Nutty Idea: How About 'Rona Unemployment Benefits That Last As Long As 'Rona Unemployment?
Senate Minority Leader Chuck Schumer (D-NY) and Sen. Ron Wyden (D-Oregon) introduced a nifty plan today that would extend the emergency unemployment benefits that were part of April's big coronavirus relief bill, the CARES Act. Those $600 per week payments are set to expire at the end of July, but the economic downturn is still very much with us, with a national unemployment rate for May of 13.3 percent and a new wave of COVID-19 outbreaks putting the brakes on reopening plans all over the place.
And since one of the biggest things we've learned from the viral clusterfuck that reopening has been trying to rush an opening when nothing's actually ready, the bill would tie the benefits' phase-out not to a specific schedule, but instead to the unemployment rates in each state, which would take some of the politics out of future tussles over recession relief. Politico calls it "the most prominent effort yet to expand federal policies that kick in automatically during a recession."
In the Schumer-Wyden plan, the extra weekly $600 in emergency unemployment benefits (over existing state unemployment insurance) would be phased out incrementally as states' unemployment rates start going below 11 percent.
Each percentage point drop in the rate, based on a three-month average, would correspond to a $100 decrease in enhanced weekly benefits, meaning at least some additional benefits would be available in a given state until its unemployment rate drops below 6 percent.

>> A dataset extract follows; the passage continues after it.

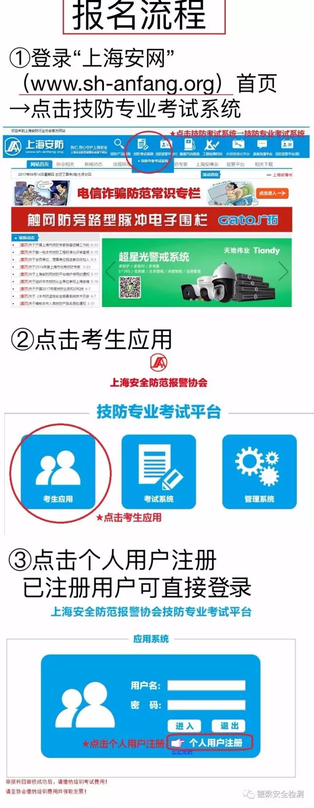 1、未注册考生:登录“上海安防网”(www.sh-anfang.org)首页“技防考试报名系统”进入“考生应用”→进行考生注册→通过审核→选择申请考试科目(请申请“网上申报常见问题”、“安防工程检测常见问题”、“传输系统规范设计”及“视频监控系统应用”四个科目。)→完成科目申请后支付培训费用→报考人员登录“考生应用”→点击“申请查询”检索并下载听课证并按听课证时间准时参加培训。

Like the supplemental unemployment benefits in the CARES Act, the extended benefits would be available to gig and part-time workers, and to independent contractors and the self-employed, regardless of whether state benefits are available to those classes of workers. Thirteen weeks of emergency unemployment benefits would be available through at least March 27, 2021, and would be phased out as states' unemployment rates go below 8.5 percent and 5.5 percent. Additional weeks would be available in states that still have 8.5 percent or higher unemployment.
That still wouldn't solve every problem for folks like the Oklahomans in the photo up top, who lined up at 2 a.m. Sunday for the chance to make an appointment to speak to someone at the state Employment Security Commission, in hopes of maybe resolving problems with their unemployment applications. But at least the federal benefit would be there for the states to fuck up on their own terms. Oklahoma, like Kentucky, is still working through a case backlog, which surely indicates how much the state values workers affected by this crisis. Hey, that makes TWO Fuck Gov. Kevin Stitt stories today!

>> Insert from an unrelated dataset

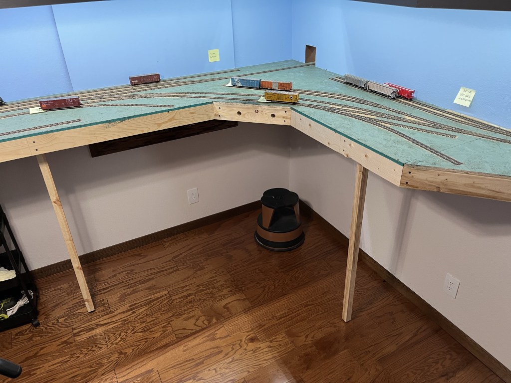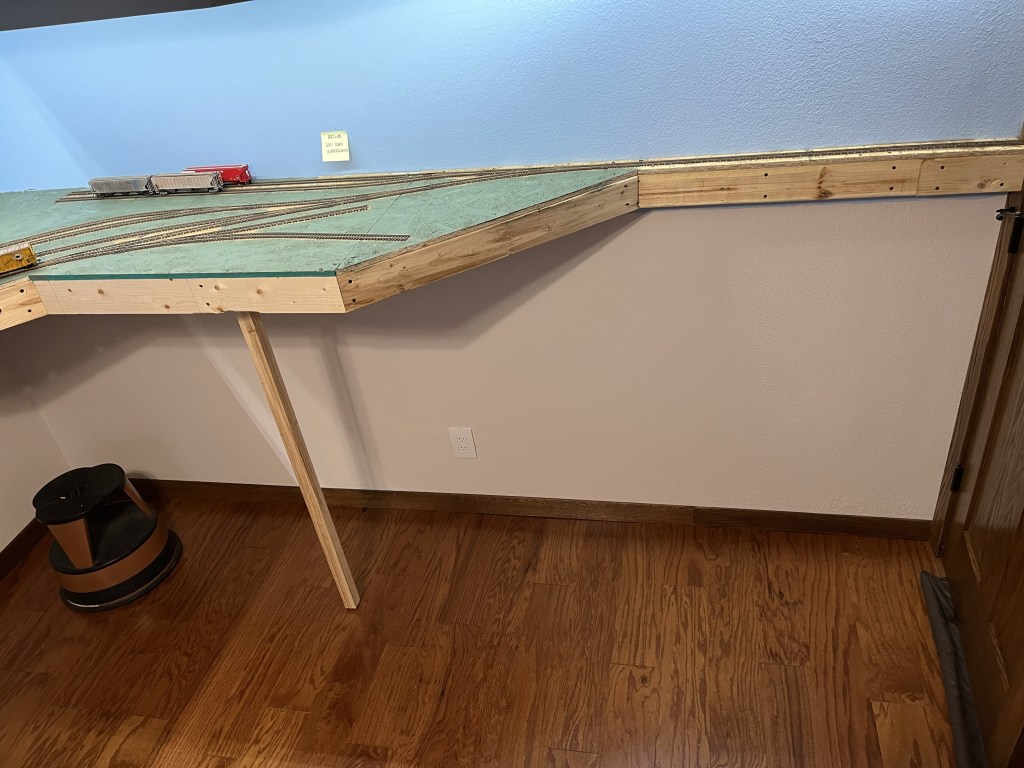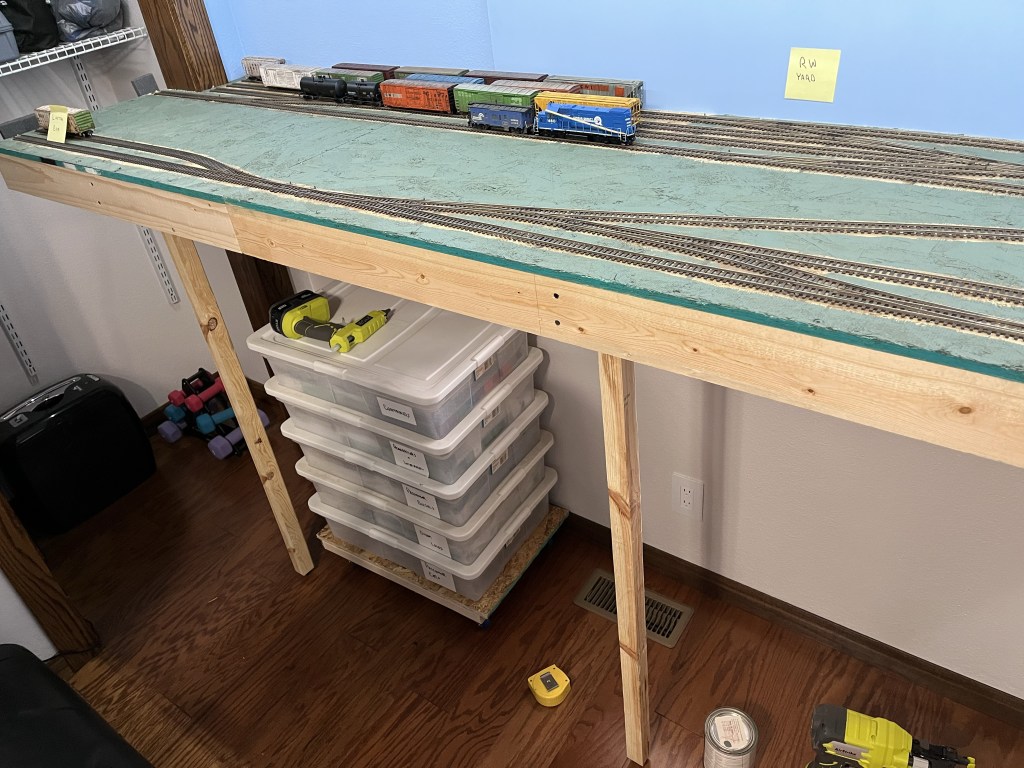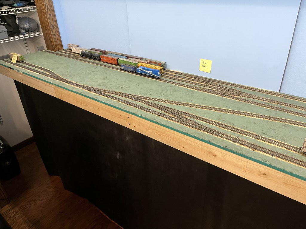 As you can also see, I painted the bare OSB green to help the railroad look a little better. If I had been smart, I would’ve painted the OSB BEFORE I put the track down!

The plan is an example of an "automatic stabilizer," a policy put in place to lessen the impact of a recession that doesn't require any additional action by Congress. For instance, lower family income makes people eligible for benefits like food stamps or Medicaid, at least until the GOP eliminates them altogether and everyone just magically gets a job in a declining economy.
In this case, the additional federal benefits are reduced or stay in place based on a state's economic indicators, smoothing out the reduction in benefits for residents of states where the recovery takes longer. As Politico notes, this can be a good thing indeed, since such policies
don't rely on Congress to agree on helping vulnerable Americans during a crisis. But they can also be more difficult to pass politically because the cost of such plans is scored by the Congressional Budget Office upfront, as opposed to a series of piecemeal extensions that would be analyzed individually.

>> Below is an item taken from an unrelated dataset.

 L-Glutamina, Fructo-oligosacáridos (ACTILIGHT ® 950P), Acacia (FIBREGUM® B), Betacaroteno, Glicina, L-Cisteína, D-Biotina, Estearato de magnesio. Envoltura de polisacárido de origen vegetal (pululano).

Oh, isn't that yet another lovely legacy of the Republican obsession with budget deficits, at least when Democrats are in office? The Politico story also notes that while House Speaker Nancy Pelosi has made positive remarks about automatic stabilizers, the House's own bill for the next stage of coronavirus stimulus doesn't include any such mechanisms. Looks like now there'll be a Senate bill to merge into that, huh? Like, if Mitch McConnell ever gets around to a new round of stimmy at all.
The Labor Department's monthly unemployment report for June will be out tomorrow instead of the usual Friday release, because Independence Day. It probably won't yet reflect the most recent round of freezes on reopening, so if Republicans start crowing that no extension of emergency unemployment is even needed, you just stare them icily in the eye and point to the infection rates in state after state. They'll completely ignore you, but you can at least have some data behind your rage.